### Try it
Below are some records; reproduce them exactly.

[Dataset records]
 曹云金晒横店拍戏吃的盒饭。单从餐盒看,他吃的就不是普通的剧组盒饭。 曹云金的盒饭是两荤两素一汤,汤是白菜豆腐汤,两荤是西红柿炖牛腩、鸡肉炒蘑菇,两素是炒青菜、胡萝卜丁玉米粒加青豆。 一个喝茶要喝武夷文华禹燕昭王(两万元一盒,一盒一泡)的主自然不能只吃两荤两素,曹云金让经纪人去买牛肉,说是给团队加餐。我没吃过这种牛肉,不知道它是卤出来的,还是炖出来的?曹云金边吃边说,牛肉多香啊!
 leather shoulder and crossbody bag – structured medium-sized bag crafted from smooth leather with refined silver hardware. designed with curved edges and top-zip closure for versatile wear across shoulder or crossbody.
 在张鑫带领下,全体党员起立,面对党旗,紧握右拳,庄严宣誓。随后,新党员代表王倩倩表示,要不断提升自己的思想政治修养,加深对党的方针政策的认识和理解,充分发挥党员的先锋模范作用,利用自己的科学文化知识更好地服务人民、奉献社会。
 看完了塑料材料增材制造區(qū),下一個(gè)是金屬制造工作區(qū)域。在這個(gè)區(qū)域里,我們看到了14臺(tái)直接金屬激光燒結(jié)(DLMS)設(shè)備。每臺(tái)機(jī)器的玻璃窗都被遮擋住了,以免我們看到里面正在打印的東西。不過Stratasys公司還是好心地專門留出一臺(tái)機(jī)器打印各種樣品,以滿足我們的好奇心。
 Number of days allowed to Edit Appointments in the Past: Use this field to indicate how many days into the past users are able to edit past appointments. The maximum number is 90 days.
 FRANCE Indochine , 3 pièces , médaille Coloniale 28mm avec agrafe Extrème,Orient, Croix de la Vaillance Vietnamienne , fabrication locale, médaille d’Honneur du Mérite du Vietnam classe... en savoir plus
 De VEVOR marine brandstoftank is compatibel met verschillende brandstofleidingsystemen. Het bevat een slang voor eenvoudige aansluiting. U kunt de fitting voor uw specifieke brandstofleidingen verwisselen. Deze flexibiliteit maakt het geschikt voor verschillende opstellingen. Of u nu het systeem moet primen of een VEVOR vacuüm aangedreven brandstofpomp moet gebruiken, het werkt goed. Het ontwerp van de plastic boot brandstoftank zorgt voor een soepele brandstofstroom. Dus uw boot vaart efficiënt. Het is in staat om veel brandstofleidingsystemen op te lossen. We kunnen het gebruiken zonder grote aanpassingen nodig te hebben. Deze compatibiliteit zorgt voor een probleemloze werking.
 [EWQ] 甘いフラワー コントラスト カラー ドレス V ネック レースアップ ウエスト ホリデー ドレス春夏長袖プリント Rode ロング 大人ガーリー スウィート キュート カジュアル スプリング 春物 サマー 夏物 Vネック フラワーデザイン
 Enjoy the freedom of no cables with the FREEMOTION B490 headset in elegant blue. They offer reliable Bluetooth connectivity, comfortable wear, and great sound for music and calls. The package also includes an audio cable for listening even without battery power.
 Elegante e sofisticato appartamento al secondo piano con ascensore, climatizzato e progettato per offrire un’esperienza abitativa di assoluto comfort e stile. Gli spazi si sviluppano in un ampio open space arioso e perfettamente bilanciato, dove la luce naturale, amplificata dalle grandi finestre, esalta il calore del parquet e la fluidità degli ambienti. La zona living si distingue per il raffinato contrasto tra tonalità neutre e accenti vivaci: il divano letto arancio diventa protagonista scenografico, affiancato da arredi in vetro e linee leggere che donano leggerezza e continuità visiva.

### Solution below
 曹云金晒横店拍戏吃的盒饭。单从餐盒看,他吃的就不是普通的剧组盒饭。 曹云金的盒饭是两荤两素一汤,汤是白菜豆腐汤,两荤是西红柿炖牛腩、鸡肉炒蘑菇,两素是炒青菜、胡萝卜丁玉米粒加青豆。 一个喝茶要喝武夷文华禹燕昭王(两万元一盒,一盒一泡)的主自然不能只吃两荤两素,曹云金让经纪人去买牛肉,说是给团队加餐。我没吃过这种牛肉,不知道它是卤出来的,还是炖出来的?曹云金边吃边说,牛肉多香啊!
 leather shoulder and crossbody bag – structured medium-sized bag crafted from smooth leather with refined silver hardware. designed with curved edges and top-zip closure for versatile wear across shoulder or crossbody.
 在张鑫带领下,全体党员起立,面对党旗,紧握右拳,庄严宣誓。随后,新党员代表王倩倩表示,要不断提升自己的思想政治修养,加深对党的方针政策的认识和理解,充分发挥党员的先锋模范作用,利用自己的科学文化知识更好地服务人民、奉献社会。
 看完了塑料材料增材制造區(qū),下一個(gè)是金屬制造工作區(qū)域。在這個(gè)區(qū)域里,我們看到了14臺(tái)直接金屬激光燒結(jié)(DLMS)設(shè)備。每臺(tái)機(jī)器的玻璃窗都被遮擋住了,以免我們看到里面正在打印的東西。不過Stratasys公司還是好心地專門留出一臺(tái)機(jī)器打印各種樣品,以滿足我們的好奇心。
 Number of days allowed to Edit Appointments in the Past: Use this field to indicate how many days into the past users are able to edit past appointments. The maximum number is 90 days.
 FRANCE Indochine , 3 pièces , médaille Coloniale 28mm avec agrafe Extrème,Orient, Croix de la Vaillance Vietnamienne , fabrication locale, médaille d’Honneur du Mérite du Vietnam classe... en savoir plus
 De VEVOR marine brandstoftank is compatibel met verschillende brandstofleidingsystemen. Het bevat een slang voor eenvoudige aansluiting. U kunt de fitting voor uw specifieke brandstofleidingen verwisselen. Deze flexibiliteit maakt het geschikt voor verschillende opstellingen. Of u nu het systeem moet primen of een VEVOR vacuüm aangedreven brandstofpomp moet gebruiken, het werkt goed. Het ontwerp van de plastic boot brandstoftank zorgt voor een soepele brandstofstroom. Dus uw boot vaart efficiënt. Het is in staat om veel brandstofleidingsystemen op te lossen. We kunnen het gebruiken zonder grote aanpassingen nodig te hebben. Deze compatibiliteit zorgt voor een probleemloze werking.
 [EWQ] 甘いフラワー コントラスト カラー ドレス V ネック レースアップ ウエスト ホリデー ドレス春夏長袖プリント Rode ロング 大人ガーリー スウィート キュート カジュアル スプリング 春物 サマー 夏物 Vネック フラワーデザイン
 Enjoy the freedom of no cables with the FREEMOTION B490 headset in elegant blue. They offer reliable Bluetooth connectivity, comfortable wear, and great sound for music and calls. The package also includes an audio cable for listening even without battery power.
 Elegante e sofisticato appartamento al secondo piano con ascensore, climatizzato e progettato per offrire un’esperienza abitativa di assoluto comfort e stile. Gli spazi si sviluppano in un ampio open space arioso e perfettamente bilanciato, dove la luce naturale, amplificata dalle grandi finestre, esalta il calore del parquet e la fluidità degli ambienti. La zona living si distingue per il raffinato contrasto tra tonalità neutre e accenti vivaci: il divano letto arancio diventa protagonista scenografico, affiancato da arredi in vetro e linee leggere che donano leggerezza e continuità visiva.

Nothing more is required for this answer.